Szwedzki piłkarz Zlatan Ibrahimović przyznał przed meczem eliminacji mistrzostw świata 2014 przeciwko Portugalii, że jest w najlepszej formie w swojej karierze. – Mam 32 lata, cały czas się rozwijam - nigdy nie grałem lepiej, niż teraz – powiedział napastnik.
Do niedawna nominowany do ”Złotej Piłki” zawodnik Paris St Germain uskarżał
się na bóle kolana, ale we wtorek i w środę uczestniczył w pełnym treningu
drużyny Trzech Koron. – Czuję się dobrze, a najważniejsze jest to, co ja sam o sobie myślę –
podkreślił na konferencji prasowej w Sztokholmie, gdzie trwa zgrupowanie
drużyny narodowej.
15 listopada w Lizbonie odbędzie się pierwszy z dwóch meczów o awans do
brazylijskiego mundialu. Rewanż w Solnej cztery dni później. Baraż
zapowiadany jest jako pojedynek Ibrahimovica z największą gwiazdą Portugalii
- Cristiano Ronaldo.
– Nie należy koncentrować się na dwóch piłkarzach.
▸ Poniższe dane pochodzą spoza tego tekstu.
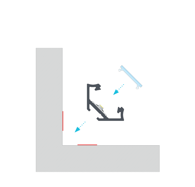 Efekt końcowy montażu profilu C kątowego z kloszem BASIC za pomocą taśmy dwustronnej

To mecz Szwecja -
Portugalia. Liczy się drużyna i jeśli chcemy odnieść sukces, każdy z nas musi
wypaść jak najlepiej – ocenił ”Ibra”. Dodał, że to rywale są faworytami,
ponieważ wielu z nich gra w lepszych klubach i odniosło większe sukcesy w
turniejach międzynarodowych.
Spytany o szansę na wygranie plebiscytu FIFA i ”France Football” na
najlepszego piłkarza 2013 roku, Szwed nie szczędził pochwał rywalom. – Franck Ribery jest fantastyczny, zdobył wszystkie możliwe trofea. Jest też
Lionel Messi - talent w czystej postaci, który urodził się, by grać w piłkę,
a nie tylko się tego nauczył. Ronaldo też niczego nie brakuje i wcale nie
uważam, by +nurkował+ w polu karnym. Przypuszczam, że wszystko rozstrzygnie
się jak zwykle pomiędzy nim a Messim – ocenił Ibrahimović.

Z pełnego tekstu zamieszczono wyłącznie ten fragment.